Click on the SiteHopper Search Floe to bring up the Job Form and set the following parameters.
Inputs -> Query Dataset: Spruce_prep_dataset_5K4J
This is the dataset with the protein we prepared.
Inputs -> Input Collections: CDK2 Patch DB Collection
This is the dataset with all the patches we created at the beginning of this tutorial.
Outputs -> Output Dataset: SiteHopper CDK2 Search Hits
Once the parameters are set, scroll to the bottom of the page and click ‘Start Job’. The job will take 5-10 minutes depending on the query, and potentially longer if the databases being searched are large.
View Results¶
Once the search job has completed, make the output datasets active as follows:
Press the ‘Project Data’ button in left menu bar.
Clear current active datasets by clicking on ‘Active Datasets’ and clicking ‘Clear All’ in the menu that pops up.
Make the output datasets active by clicking on the + icon in the Actives column.

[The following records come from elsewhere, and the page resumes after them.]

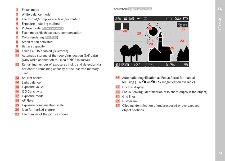Focus Peaking (identifi cation of in sharp edges in the object)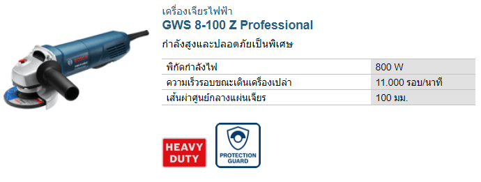 GWS 8-100 Z BOSCH เครื่องเจียร4″ สวิทซ์มือบีบ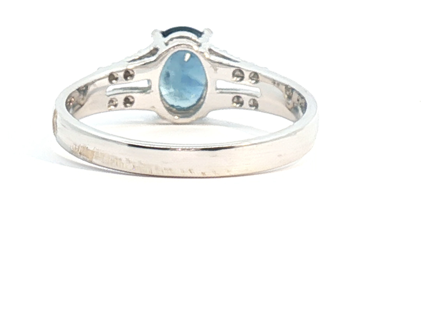 Fijne ring bezet met 1 saffier light blue transparant van +-0.75ct, omringd door 16 kleine briljanten: +-0.16ct, kleur: G-H en zuiverheid: VS. Ingezet in wit goud 18kt (gemerkt 750). Ringmaat: 49-51 en gewicht: +-3,1 gram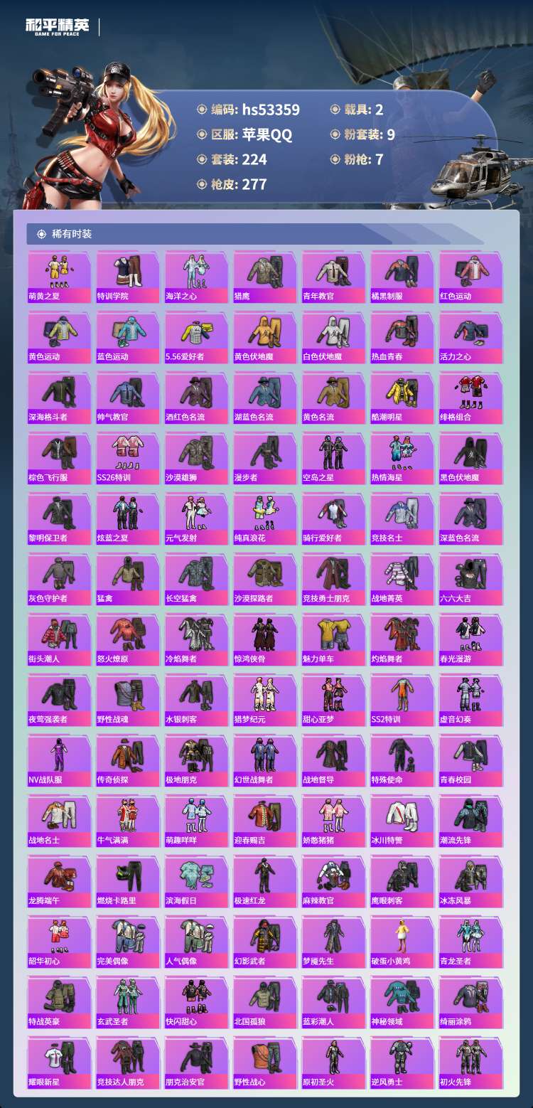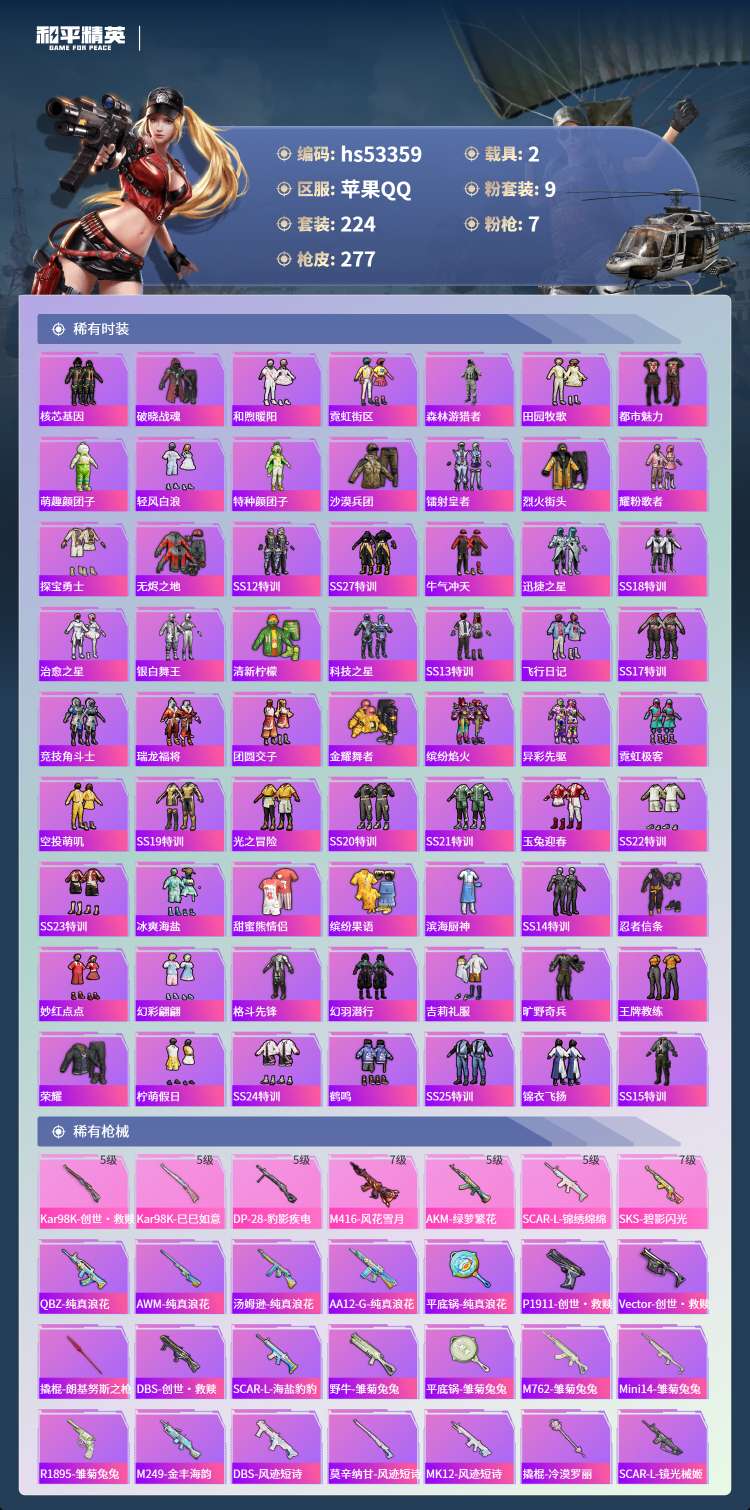 hs53359 苹果手Q-14王牌印记-9粉装-7特效枪-2载具-86207热力值-224套装-27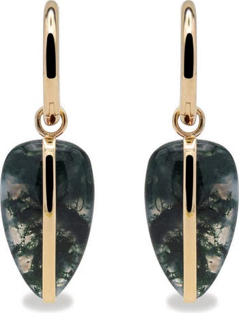 Moss agate is accented with 14-karat gold in these drop hoop earrings that bring earthy glamour to your lobes.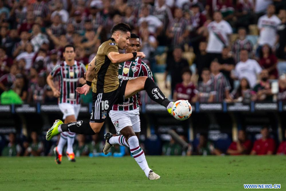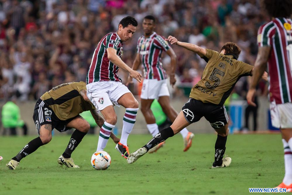 RÍO DE JANEIRO, 10 abril, 2024 (Xinhua) -- Imagen del 9 de abril de 2024 del jugador Marquinhos (atrás), de Fluminense de Brasil, disputando el balón con Oscar Opazo (frente), de Colo-Colo de Chile, durante el partido correspondiente a la segunda fecha del Grupo A de la Copa Conmebol Libertadores celebrado en el Estadio Maracaná, en Río de Janeiro, Brasil. (Xinhua/Claudia Martini)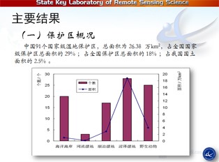 這是《科學(xué)通報(bào)》的封面,雙語(yǔ)的。下面簡(jiǎn)單匯報(bào)一下評(píng)估結(jié)果,中國(guó)91個(gè)國(guó)家級(jí)濕地保護(hù)區(qū),總面積為 26.38萬(wàn)km2,占全國(guó)國(guó)家級(jí)保護(hù)區(qū)總面積的 29% ;占全國(guó)保護(hù)區(qū)總面積的 18% ;占我國(guó)國(guó)土面積的 2.5% 。類(lèi)型來(lái)看,沼澤濕地保護(hù)區(qū)最多,其次野生動(dòng)物保護(hù)區(qū),第三個(gè)是海洋類(lèi)型,河流類(lèi)型最少的。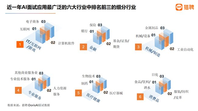 1)AI面试应用最广泛的行业:互联网、金融、机械制造居前三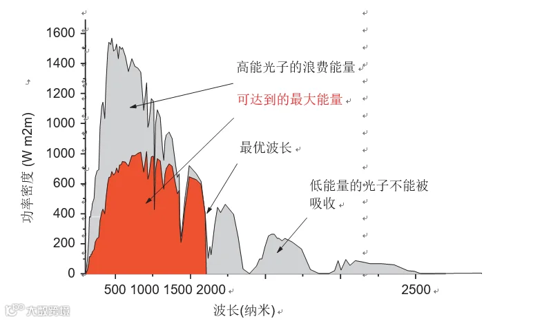 图2 太阳能电池的光谱损失。该图显示了与太阳光谱(AM1.5)有关的硅太阳能电池的最大可实现能量。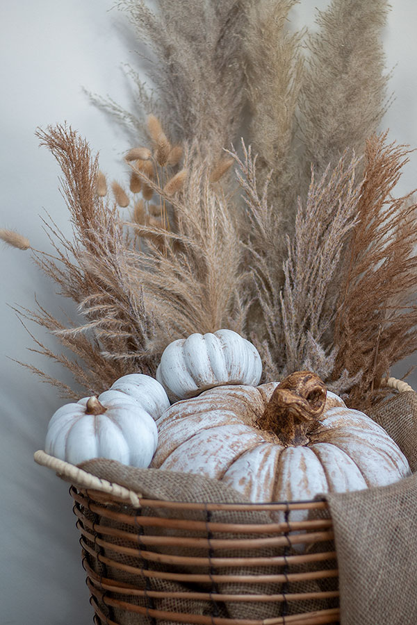 Die neutralen Farben, die warmen Töne und schönen Texturen machen den Herbst zu meiner Lieblingsjahreszeit zum Dekorieren. Schon etwas länger im Trend sind Ziergräser und Trockenblumen. Und ich sage euch, damit lässt sich hervorragend dekorieren! Ihr benötigt nur ein paar Handgriffe für dieses herbstliche DIY. Dieser Herbstkorb, gefüllt mit Ziergräsern- und kürbissen, sieht überall hübsch aus. Ob vor der überdachten Haustür, im Eingangsbereich, im Schlafzimmer, Esszimmer oder im Wohnzimmer. Habt ihr eine überdachte Terrasse? Perfekt! Auch dort lässt sich der Herbstkorb wunderbar arrangieren.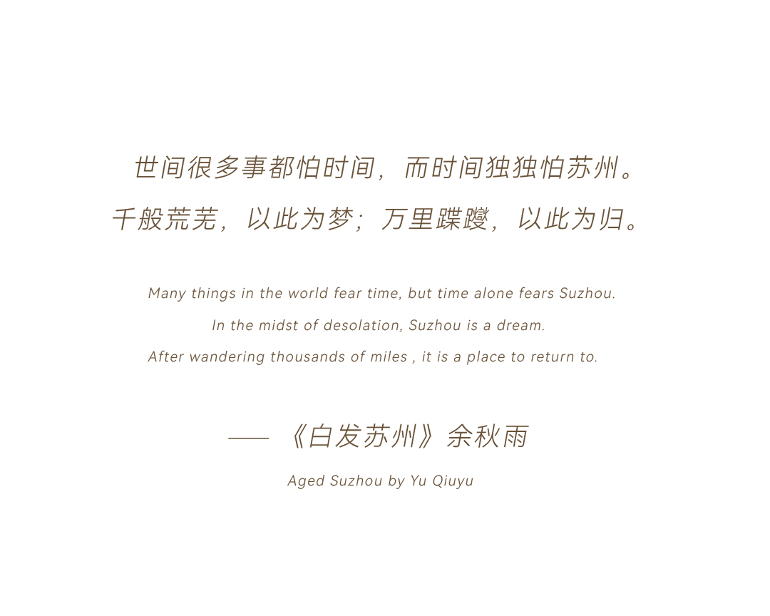 千载以往,谁不忆江南?相城的匠艺十绝,苏州的风韵不绝与悦榕庄的浪漫低奢被YANG精准捕捉,巧妙织译,营造出隐逸而生机盎然的避世胜境,让横亘千年的江南之梦继续延绵!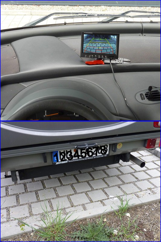 Transenfoto hab ich gemacht, Womo mach ich morgen in der Mittagspause und stell es dann ein. Es war leider schon dunkel, als ich heim kam heut. @ Mani @ sven Danke für eure Mühe. Wäre echt nett. @ mani: Die Pieper sind vermutlich an den Ecken montiert, weil sie nicht zu sehen sind?? Sorry, hat etwas gedauert. Auch bitte nicht wundern, die Transe hat sonst keine lila Gardine, aber zum fotografieren mit Schmachtfon blendete die Sonne zu stark. Und mein Wohnmobil habe ich nicht vom Stellplatz versetzt, hab ich im Moment die Zeit nicht für. Man kann aber eigentlich sehr gut erkennen, das die billige (169 Euro) Kennzeichenkamera unten auf der rechten Türhälfte montiert ein wesentlich weiteres Bild abgibt, als die mittig oben montierte "billige"(700 Euro) klassische Rückfahrkamera. Wobei das Bild auf dem 7" in Natura besser rüberkommt. Transe (Kennzeichen) ![]() Carado (klassisch) ![]() WOW, danke für den sehr interessanten Vergleich! Ich glaube dann nehm ich jetzt auch so eine Kennzeichen-Halterung mit Kamera. Welchen Winkel hat die? 170 oder 180 Grad vermute ich, ja? Hallo Sven, danke für die Bilder. Ist ja kaum zu glauben. Die Bilder der "günstigen" Nummernbildkamera entsprechen meiner Vorstellung und sind für mich in Ordnung und genügend. Kannst Du mir bitte den Hersteller nennen. :ja: Wir haben die Dinger aus der Bucht. Drei Stück. Bei einer Lieferung stimmte etwas nicht, wurde umgehend berichtigt. Ich hab dir mal die Bude direkt von meiner Rechnung rausgesucht. :wink: --> Link Ähnliche Dinger findest du ja zu Hauf in der Bucht. Es gibt für den Preis meiner Meinung nach nichts besseres. Hab mir bei A.......n 120° Kamera für Heck oben, 170° Kamera für Montage über Nummernschild und 7" Spiegelmontitor mit 2 Videoeingängen gekauft. 120° Kamera 36,93 15 m Anschlußkabel 19,95 170° Kamera mit Abstandlinien 18,99 7 " Spiegelmonitor mit 2 Videoeingängen 37,99 Gebrauchten Spiegel von Schrottplatz 5 € ![]() ![]() ![]() ![]() 120° Kamera ![]() 170° Kamera ![]() Sobald ich mir draußen nicht mehr den A.... abfriere wird das ganze in Angriff genommen. 120° Kamera kommt unter die Zusatzbremsleuchte. Leitungsverlegung durch die Rückwand und dann über den vorhandenen Kabelkanal in den Oberschränken nach vorne in den Himmel über dem Führerhaus. 170° Kamera von hinten über Nummerschild ca 16mm Bohrung so dass nuch die Linse sichtbar ist. Leitungsführung entweder komplett unter Fahrzeug und im Motorraum nach innen / oder in Heckgarage nach oben und mit Kamara1 Kabel nach vorne. Frage: mit was dichte ich Leitungsdurchführung am besten ab? Hab mir für den Spiegelmonitor auf dem Schrottplatz noch nen Spiegel für 5€ besorgt, da im Fahrzeug ja orginal keiner vorhanden war. 12 Volt möchte ich an der Innenbeleuchtung abgreifen. Hab die Teile in der warmen Stube mal mit Netzteil vorab ausprobiert und bin bis jetzt zufrieden. Sobald ich den Einbau bewerkstellige werde ich es hier mit Fotos dokumentieren haballes, jetzt muss ich nochmal nachfragen... du hast das Kameraset "ohne Fischaugeneffekt" verlinkt. Hat du das wirklich? Weil auf deinem Testbild ist schon recht deutlich die Verzerrung zu erkennen...?!? Hmm....also die Bude war es auf jeden Fall, hab die RG. bei meiner Buchhalterin eingesehen. Die auf dem Bild kam meiner am Nächsten. Auf den Beispielbildern des Produktes fehlen mir aber die rot/gelb/grünen Marker. Und ich hab 169 Euronen pro Gerät bezahlt. Im Ibääh tauchen immer nur ähnliche Produkte auf. Vielleicht bei Interesse einfach mal die Fa. kontaktieren. Aber Moment, ich glaub ich bin fündig....das hier war sie. :wink: Link zum eBay Artikel (Der Link ist nicht für die Ewigkeit!) Hallo zusammen, habe auch den Spiegelmonitor mit den 2 Eingängen aus der gleichen Bude (Car***ien). Eine normale Kamera kam bei uns wegen dem Fahrradträger nicht in Frage, da hätten wir nix gesehen. Wir sind sehr zufrieden mit der Kamera. :zustimm: Auch die Montage war einfach (nachdem ich den Weg für das Kabel unter das Fahrzeug gefunden hatte). Auch wenn ich nix an den Rückfahrschalter angeschlossen habe, da geht der Monitor beim Rangieren immerzu an und aus. Bei der kurzen Signalverzögerung kann das nerven. Die Kamera zeigt den Bereich hinter dem Womo wirklich gut, mit einer Matrix als Orientierung für den Abstand. Der Weitwinkel der Nummernschildkamera reicht vollkommen aus, geht fast bis zu den Seitenkanten (10cm fehlen). Markus Danke haballes! Dann schau ich mal, welche Solo-Kameras die im Shop haben. Ich will das Bild über mein Pioneer AppRadio laufen lassen, damit ich nicht noch einen Monitor brauche... @ haballes, danke nochmal für Deine Mühe. Die im 2. Link gezeigte Kamera ist genau die, die ich auch ausgesucht hatte. Da werde ich auch zuschlagen, zumal der Preis für das Komplettpaket m. E. super ist. Deine Bilder haben sehr zur Entscheidungsfindung beigetragen, weil man nicht die Katze im Sack kaufen muss, sondern tatsächlich das (in diesem Fall erfreuliche) Ergebnis sieht. Viele Kurt
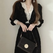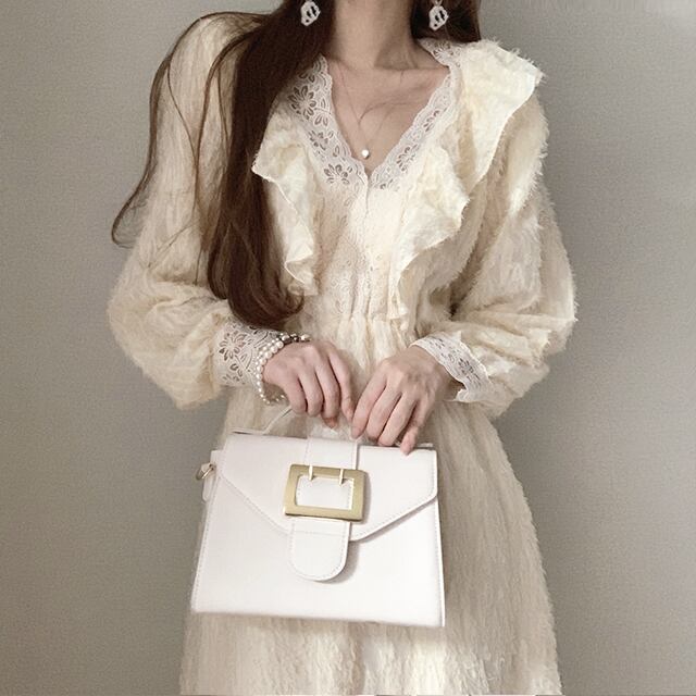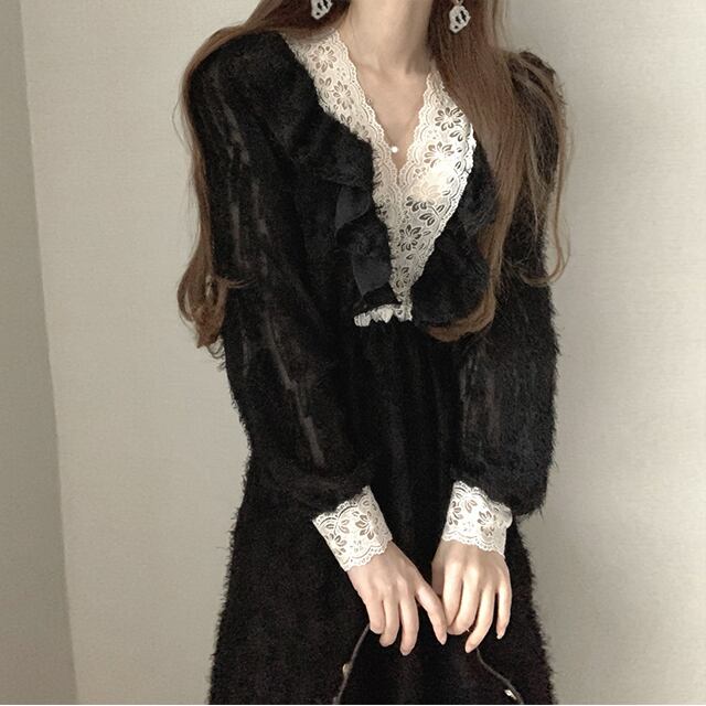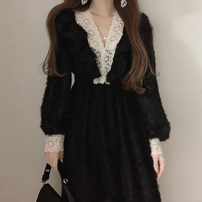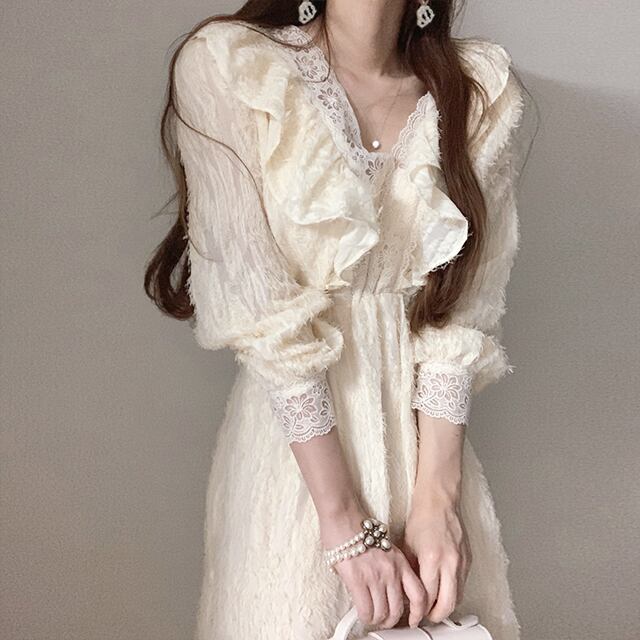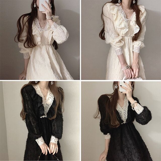 【韓国ファッション】大人可愛い スタンダードVネックレースカラーハイウェストウェスト薄手スリーブドレス ロングスカート レトロ ♡ 韓国36939266676 | パリジェンヌ、韓国系ファッション July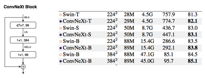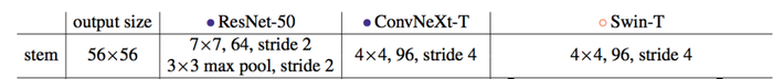 如果仔细分析 ConvNeXt 模型的特点,51x51 和 61x61 卷积核带来的精度下降是可以理解的。如下图所示,现阶段最先进的模型的 stem cell 都不约而同的采用了 stride=4 的结构将输入图片的分辨率缩减到了原来的 1/4。那么对经典的 224x224 iamgenet 来说,通过 stem cell 之后,feature 的大小就只有 56x56 了。所有 51x51 和 61x61 规模的卷积核就已经是全局水平的卷积核。一种合某些理想的特性,比如有效的局部特性。同样的现象我在 ViTs 的类似机制中也观察到过,即局部注意力通常优于全局注意力。在此基础上,我想到了通过引入局部性来解决这个问题的机会。
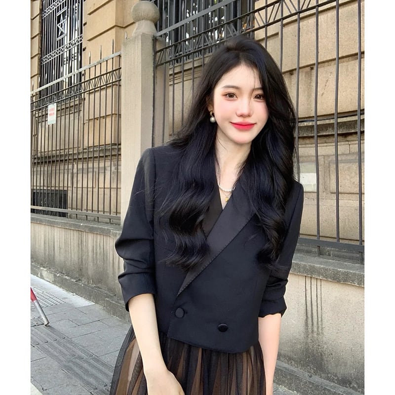 ショート丈ジャケットとハイウエストスカートでバランスよく着こなせます。

Once the datasets are active, switch to the 3D viewer by clicking the 3D button in the menu bar. The 3D results will be overlaid to the input query, which is the first record in the resulting dataset. Here one of the top results is shown with the query. This is similar to how FastROCS results are shown for small molecules.
Analysis of the scores and drilling down to interesting results can also be done in the Analyze page based on SiteHopper scores and sequence similarity scores. Here, patch scores are plotted against sequence similarity. Of course, for a dataset of the same target, the sequence similarities are very high and perfect for most of the dataset. As larger databases are searched, this property becomes more interesting to explore.